LAHORE: Big time cricket is set to return to Pakistan with the three-match Independence Cup Twenty20 series against a star-studded World XI.
The first match will be played today (Tuesday) with the next two games slated for Wednesday (tomorrow) and Friday. The entire series will be played at the Gaddafi Stadium.
Even though Zimbabwe played three One-Day Internationals and two Twenty20s in 2015, that series did not make an impact as Pakistan’s opponents were not considered strong. However, the visiting World XI comprises a host of current and former stars, including two World Twenty20 championship-winning captains in Darren Sammy (West Indies) and Paul Collingwood (England).
The visitors, led by South Africa’s Faf du Plessis and coached by former Zimbabwean great Andy Flower, reached Lahore in the wee hours of Monday and had a practice session at the stadium in the evening.
They were brought to the team hotel from the airport under a very tight security cover, which prompted Du Plessis to say, “We felt like we were in a movie.” The team includes five South Africans, three Australians, two West Indians and a player each from England, Bangladesh, Sri Lanka and New Zealand.
Speaking at a news conference here at a local hotel on Monday, World XI captain Faf du Plessis said it was a huge honour to be in Pakistan. “It’s fair to say that this will be the first time when we actually come in to play cricket for something which is much bigger than the game itself. We look forward to what will be a great week of cricket,” Du Plessis said.
Pakistan captain Sarfraz Ahmed hoped that the World XI tour would open the doors for more international cricket in the country. Sarfraz said as captain it was a proud moment for him and all the players who have been selected to represent Pakistan in the series.
“We are all very excited to play in front of our own crowd. It is a wonderful feeling,” the Pakistan captain said at the Gaddafi Stadium on Monday. Pakistan Cricket Board Chairman Najam Sethi said the World XI tour is a “huge leap” as far as resumption of international cricket in the country is concerned.
“We know this is a small step in many ways but a huge leap for Pakistan. In a sense that if the PSL (Pakistan Super League) final in Lahore opened the gateway to the World XI, we now expect more doors to open for Sri Lanka to play here and then followed by West Indies.”
Pakistan has been a no-go area for international sides ever since the terrorist attack on the Sri Lanka team bus in March 2009. It meant that Pakistan played all their ‘home’ series at neutral venues.

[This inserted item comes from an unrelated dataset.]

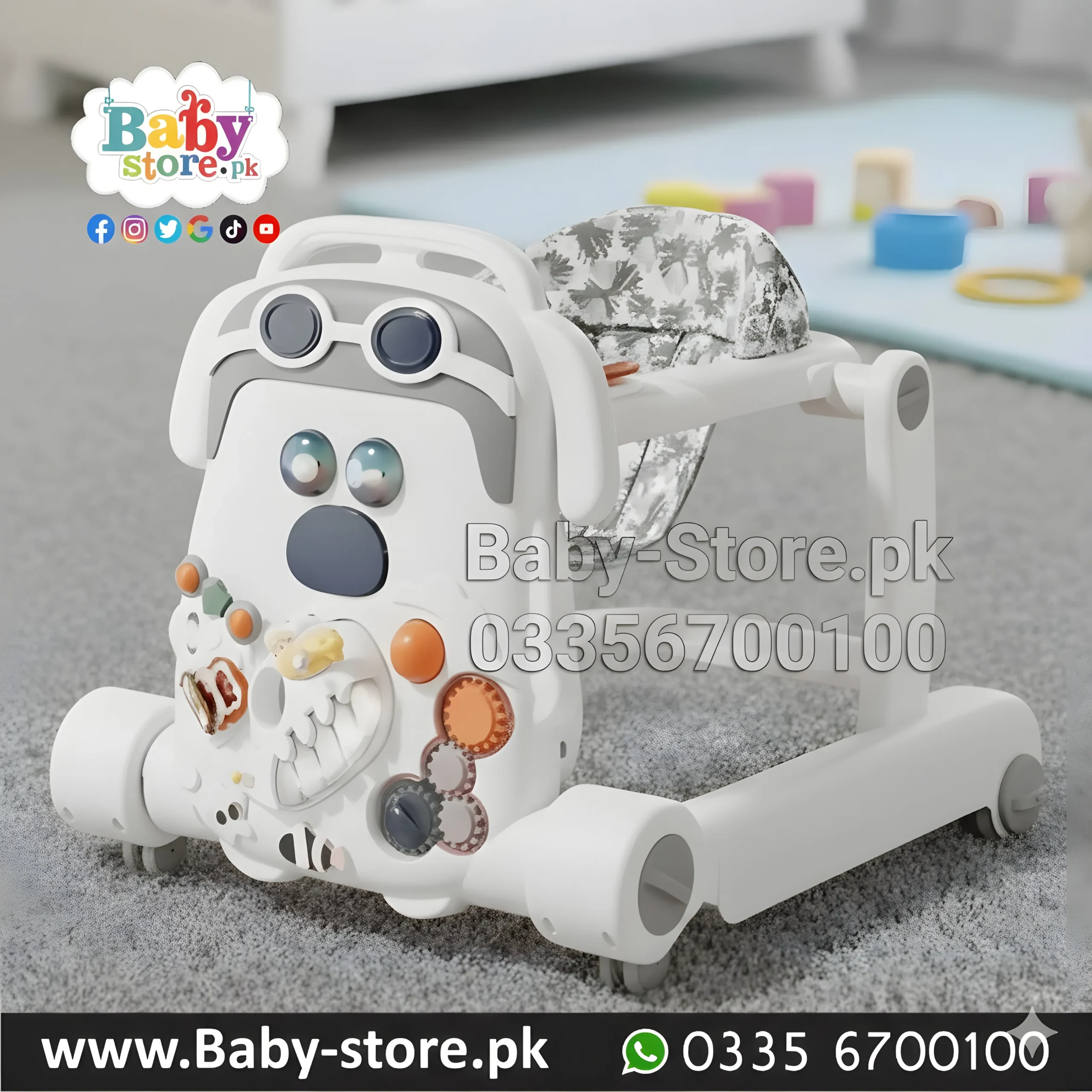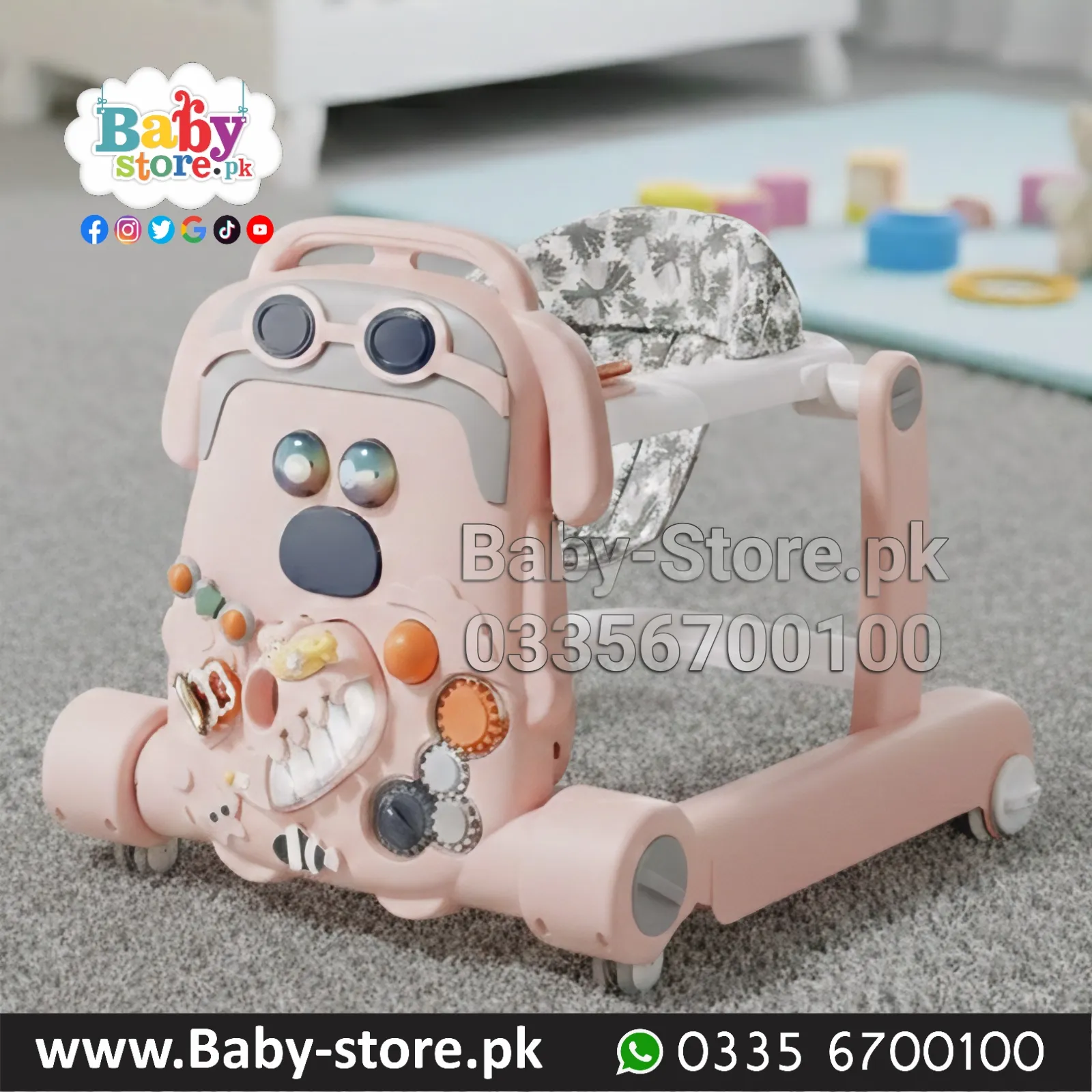 Make those first steps unforgettable with our Playful Puppy Baby Walker. Combining a cute, character-driven design with a comprehensive activity center, this walker is the perfect companion for your baby’s developmental journey. It offers a secure way for your little one to build leg strength while staying engaged with a variety of interactive toys.

The PCB since then had been trying to revive international action in the country but was unable to convince or allay the security concerns of its counterparts to undertake the tour of Pakistan, until holding the Pakistan Super League final in Lahore earlier this year. The ICC also formed a taskforce to revive international cricket in Pakistan and the World XI series is a result of those combined efforts.
Pakistan is providing a head-of-state level security to the visiting team with Pakistan Army, Rangers, Police and other law enforcement agencies ensuring that the tour goes smoothly and without any untoward incident.